Я открываю папку и читаю: «Добро пожаловать на семейную встречу…» Вот сведения о бабушке и дедушке: где они жили и когда уехали. Перечислены все их потомки с датами рождения и профессиями. Под моим именем подписано «Архитектор», и я чувствую, что краснею. Сколько раз я твердила маме: не архитектор я! Архитекторы заканчивают университет, учатся много лет. А я, конечно, работаю с ними, но сама всего лишь закончила курсы дизайна интерьеров и вряд ли имею право аттестовать себя как-нибудь иначе, чем «консультант».
– Как тебе? – Гест откидывается на кровать и смотрит на меня.
– Шикарно. – Я пододвигаюсь ближе к краю кровати. Даже шикарнее, чем на фотографиях.
– На подземный гараж похоже, – замечает Гест. – Концепция та же.
– Подземный гараж? – смеюсь я. – Да, я поняла, о чем ты, и все-таки мне нравится.
Я включаю телефон и выбираю в приложении картинку со светильником. Вылезают различные вкладки для верхнего света, стенных светильников, настольной лампы. Я пытаюсь настроить верхний светильник на красный цвет, и в комнате становится чуть светлее. Но эффект меньше, чем я ожидала: за окном еще светло.
– Надо вечером снова попробовать, – предлагаю я. Гест улыбается уголком рта и протягивает ко мне руку. – Я в туалет, – Я притворяюсь, что не замечаю его руки, но чувствую, что он не сводит с меня глаз, когда я встаю.
Когда я возвращаюсь, Гест сидит на кровати.
– Насчет вчерашнего… – начинает он.
– Да нормально все, – улыбаюсь я. – Это я виновата. – Не знаю, правда ли это.
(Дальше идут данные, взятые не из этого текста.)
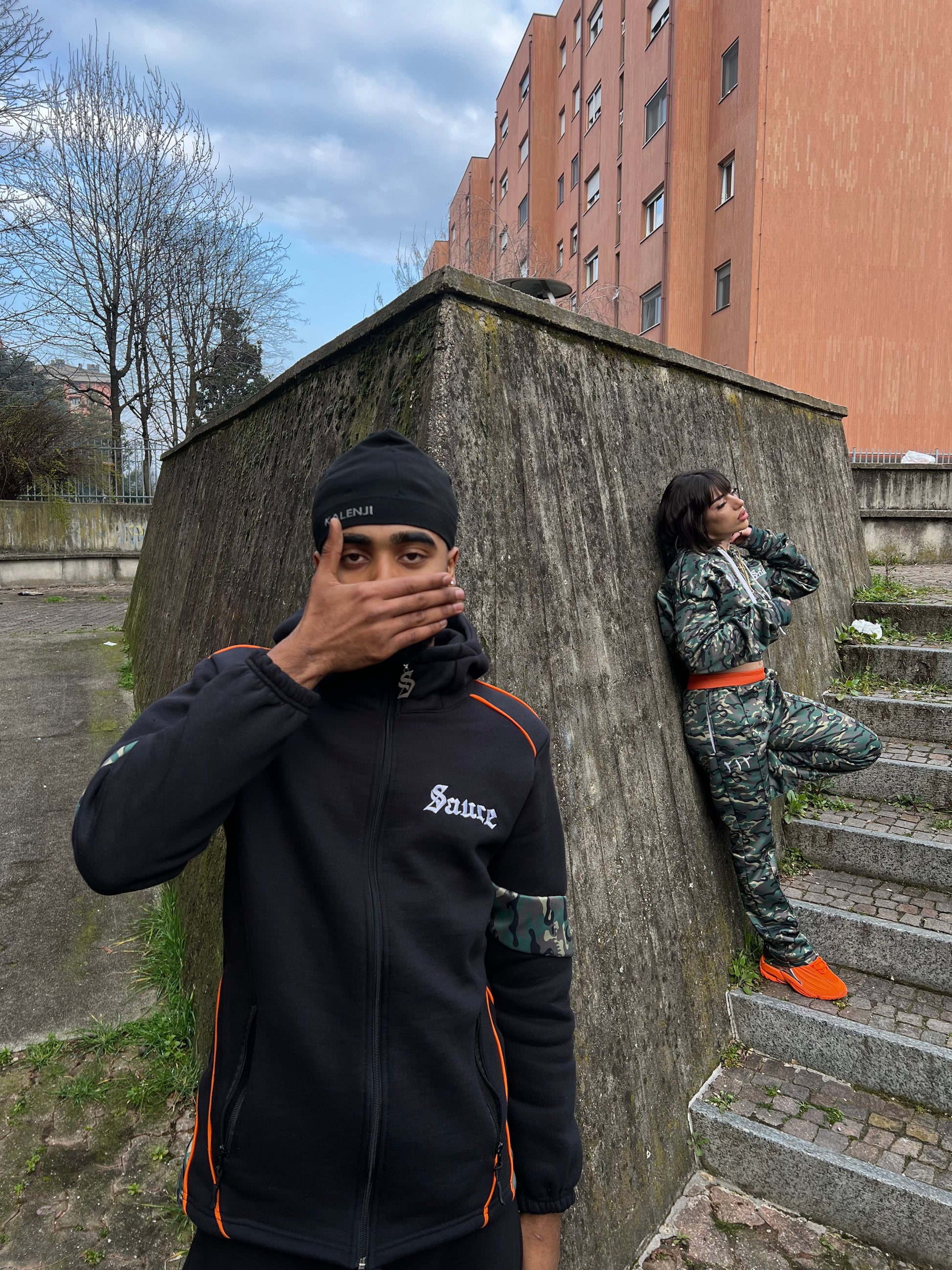 Tuta nera dal design street tecnico con inserti camo verde militare che danno carattere e movimento al capo. Linee pulite, dettagli curati e logo Sauce che rendono la tuta perfetta per chi vuole uno stile deciso ma pulito.
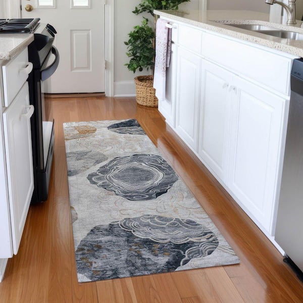 Mayfield Premium Machine Washable Abstract AMF1686 Gray 2 ft. 3 in. x 7 ft. 6 in. Runner Rug
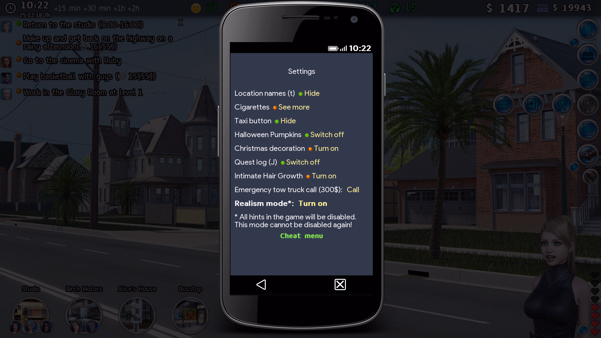 In addition, if you don't like sandboxes, you can make your heroine's life much easier. Go to the smartphone menu (at the far right of the screen), and then in the settings you will find a cheat menu where you can, for example, add money and excitement to Alex.

Вчерашняя ссора была не похожа на прежние. Вначале мы ссорились из-за того, что Гест поздно пришел домой, потом из-за того, что крыша прохудилась, а под конец скандалили о чем-то совсем другом. В основном обо мне и том, что я делаю или не делаю.
Гест улыбается и снова ложится.
– Иди ко мне, – приглашает он. – Полежим немного.
Я ложусь на кровать рядом с ним, но не настолько близко, чтоб соприкасаться.
Гест закрывает глаза, и вот его грудь начинает вздыматься все медленнее и медленнее. Он всегда умел засыпать быстро, как младенец. И даже во время наших разговоров засыпал посреди фразы.
Солнце светит в окно на белую постель и Геста. На его прямой нос, раздвоенный подбородок и темные волосы, в которых еще нет седины, хотя он на десять лет старше меня.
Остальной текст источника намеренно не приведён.